══ Input material

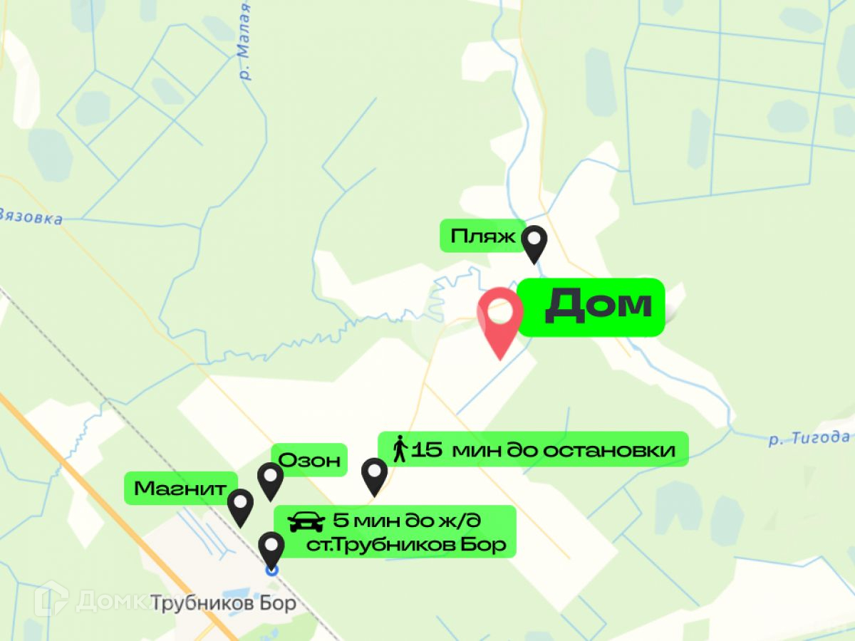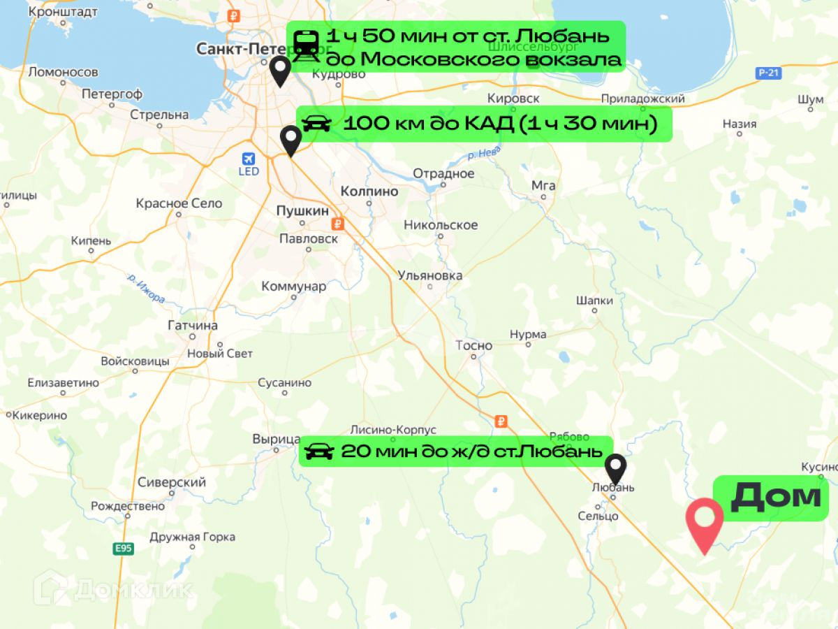 До Ж/Д станции Трубниково в сезон с апреля по октябрь курсирует автобус. Со станции ходит электричка, которая за 1 час 50 минут довезет Вас до Московского вокзала. До Ж/Д станции 15-20 минут прогулочным шагом. Также курсирует автобус до Любани, от Любани до Тосно и от Тосно до Санкт-Петербурга время в пути такое же, как на электричке.
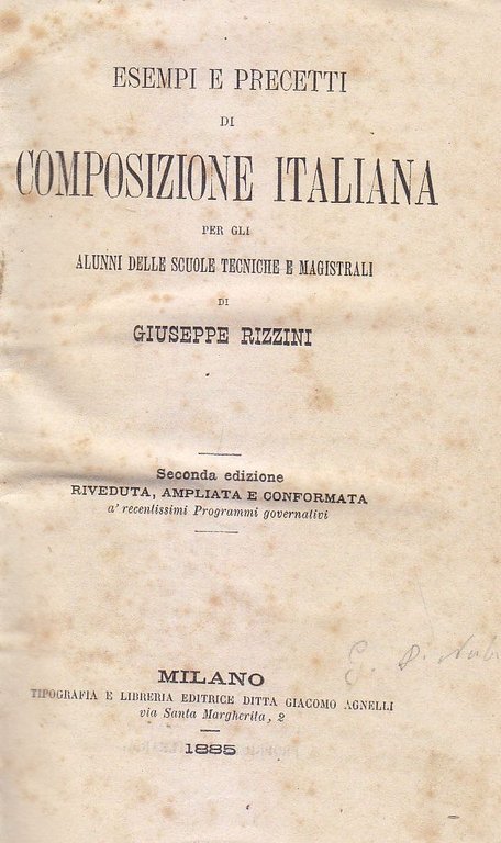 ESEMPI E PRECETTI DI COMPOSIZIONE ITALIANA Giuseppe Rizzini 1885 Agnelli Libro
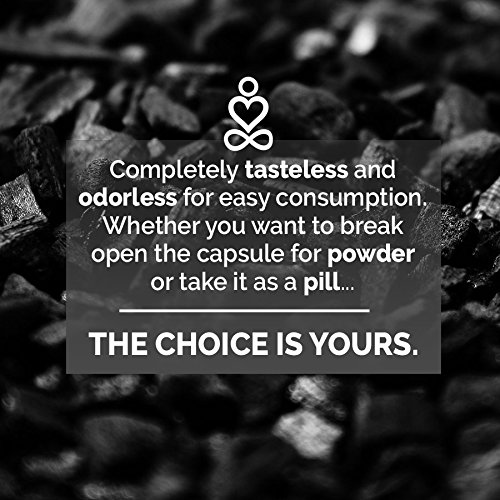 COMPLETELY TASTELESS & ODORLESS: Our Charcoal Pills are completely tasteless and odorless making it extremely easy to use. They are delivered in an easy to swallow capsule form for digestive issues, lowering cholesterol, teeth whitening and detoxifying the body.
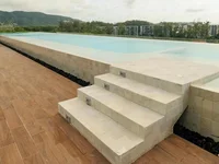 Residents have exclusive access to the roof with a jacuzzi, swimming pools, a running track, a sunbathing and yoga area, a barbecue area. The buildings are connected by passages, forming a single complex, surrounded by greenery and beautiful views of the lakes and the ocean.
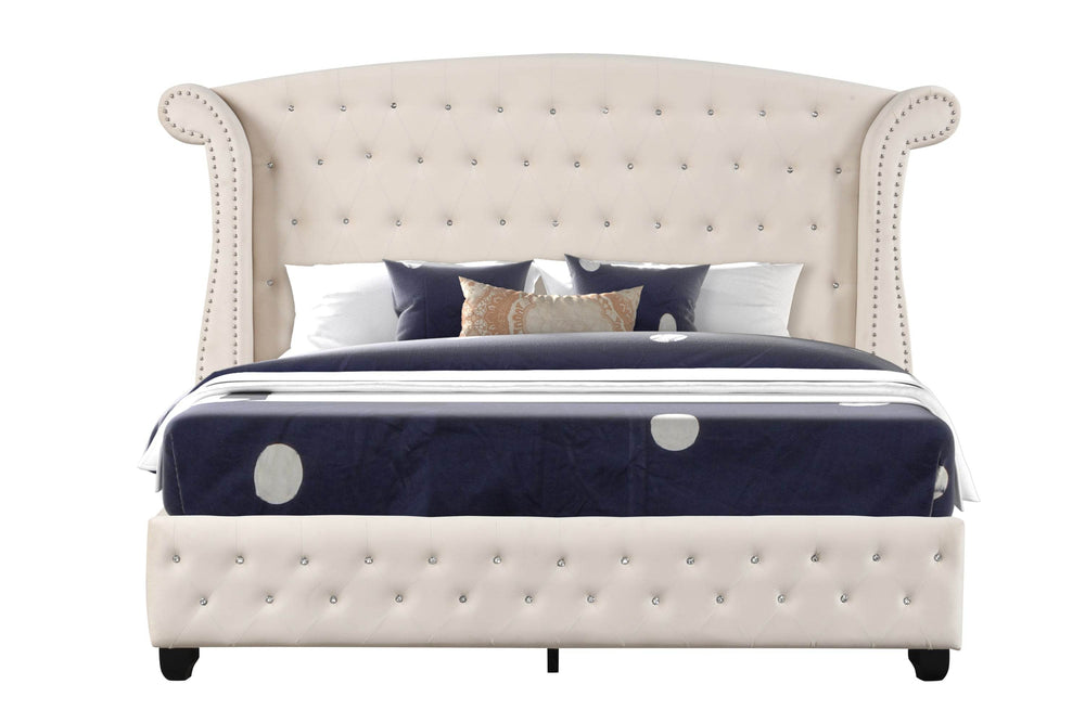 The Sophia Queen Bed in Cream brings together contemporary design and timeless elegance to transform your bedroom into a stylish retreat. Crafted from durable wood and upholstered in soft velvet, this bed features a striking crystal tufted headboard that adds a touch of glam and sophistication. Its clean lines and modern silhouette offer a perfect balance between classic charm and current trends. Designed to be sturdy and supportive, the bed frame does not require a box spring, providing easy setup without sacrificing comfort. Available in multiple sizes to complement your space, the Sophia Bed is ideal for anyone looking to enhance their bedroom’s ambiance with refined style and lasting quality. Elevate your relaxation and sleep experience today.
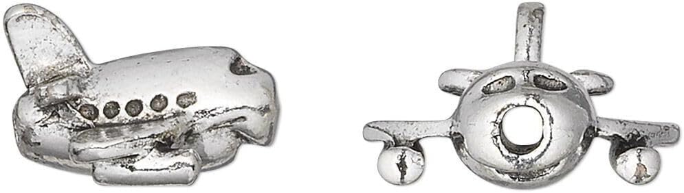 2 Antiqued Silver Plated Pewter 17x14mm 3D Airplane Beads with 1.8-2.5mm Hole
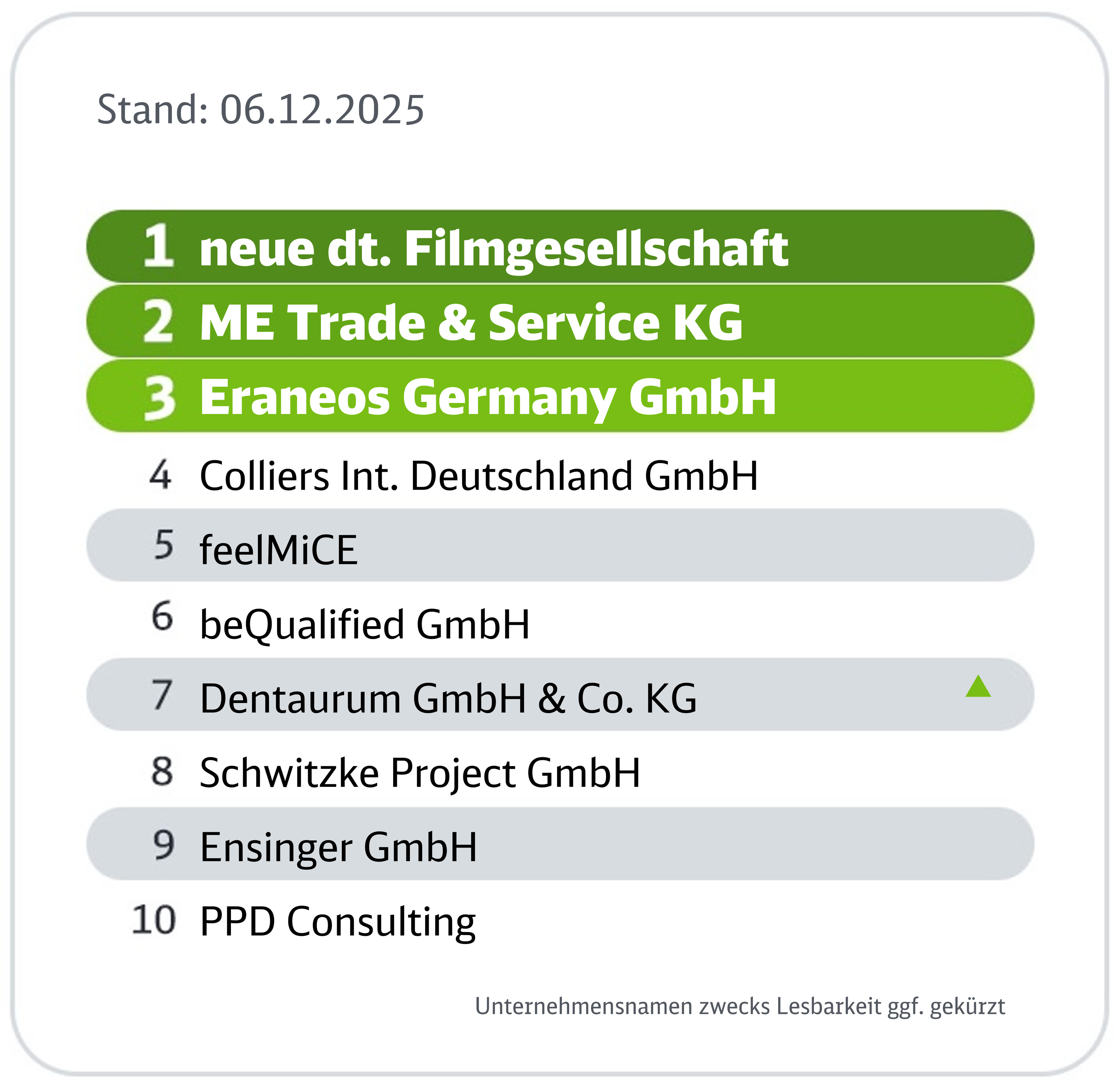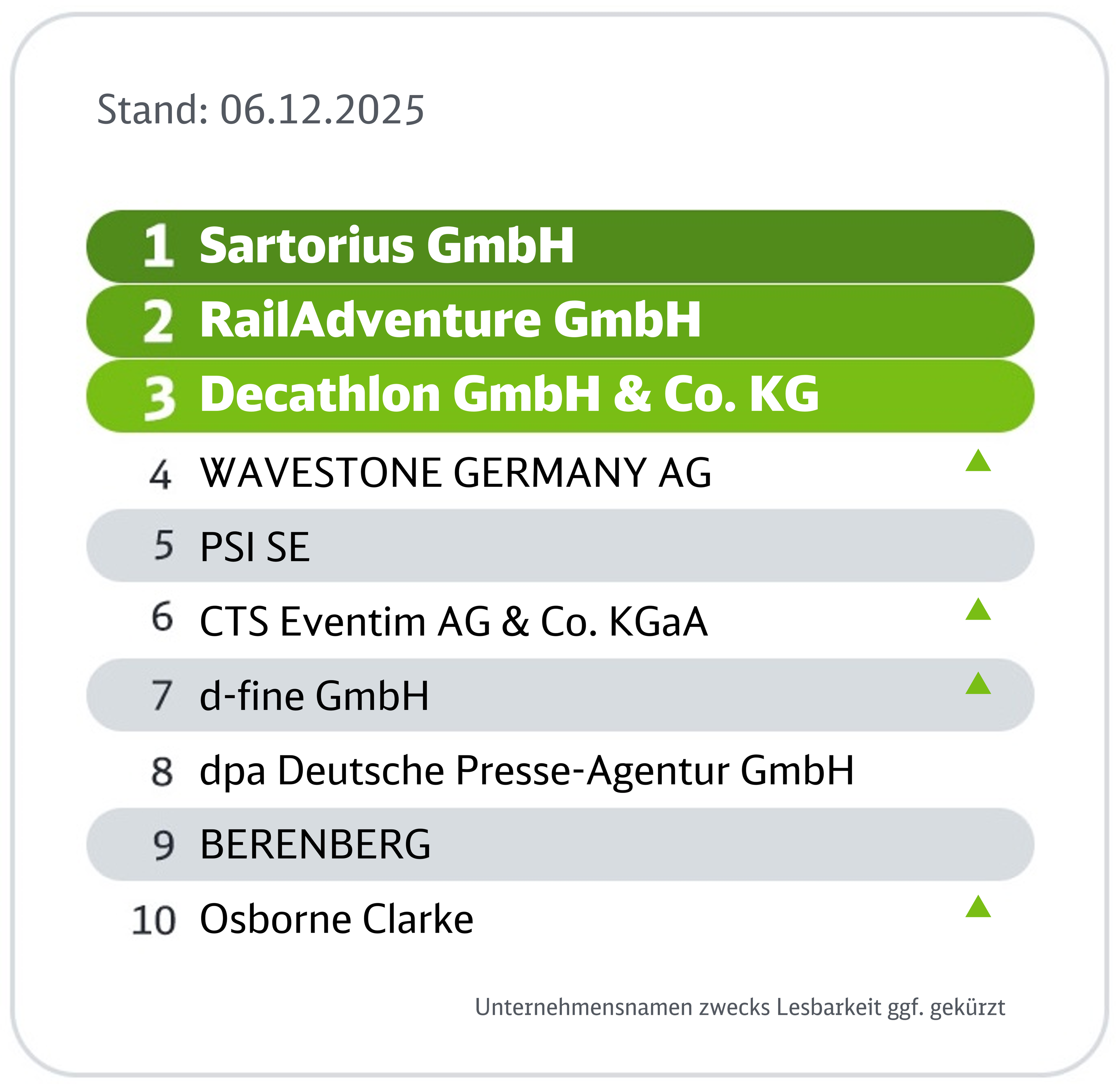 Wöchentlich sehen Sie hier das aktualisierte Ranking! In den Kategorien Champions, Premium und Smart werden jeweils die Top 10 Unternehmen vorgestellt. Es lohnt sich, vorbeizuschauen und die Fortschritte zu verfolgen.Die bahn.business Verantwortlichen aller teilnehmenden Unternehmen erhalten außerdem regelmäßig ein individuelles Ranking per E-Mail.

════

Reproduce exactly the lines that run from the line holding "Residents have exclusive" through the final line of the entries, and omit every picture.

Answer to this task:
 Residents have exclusive access to the roof with a jacuzzi, swimming pools, a running track, a sunbathing and yoga area, a barbecue area. The buildings are connected by passages, forming a single complex, surrounded by greenery and beautiful views of the lakes and the ocean.
 The Sophia Queen Bed in Cream brings together contemporary design and timeless elegance to transform your bedroom into a stylish retreat. Crafted from durable wood and upholstered in soft velvet, this bed features a striking crystal tufted headboard that adds a touch of glam and sophistication. Its clean lines and modern silhouette offer a perfect balance between classic charm and current trends. Designed to be sturdy and supportive, the bed frame does not require a box spring, providing easy setup without sacrificing comfort. Available in multiple sizes to complement your space, the Sophia Bed is ideal for anyone looking to enhance their bedroom’s ambiance with refined style and lasting quality. Elevate your relaxation and sleep experience today.
 2 Antiqued Silver Plated Pewter 17x14mm 3D Airplane Beads with 1.8-2.5mm Hole
 Wöchentlich sehen Sie hier das aktualisierte Ranking! In den Kategorien Champions, Premium und Smart werden jeweils die Top 10 Unternehmen vorgestellt. Es lohnt sich, vorbeizuschauen und die Fortschritte zu verfolgen.Die bahn.business Verantwortlichen aller teilnehmenden Unternehmen erhalten außerdem regelmäßig ein individuelles Ranking per E-Mail.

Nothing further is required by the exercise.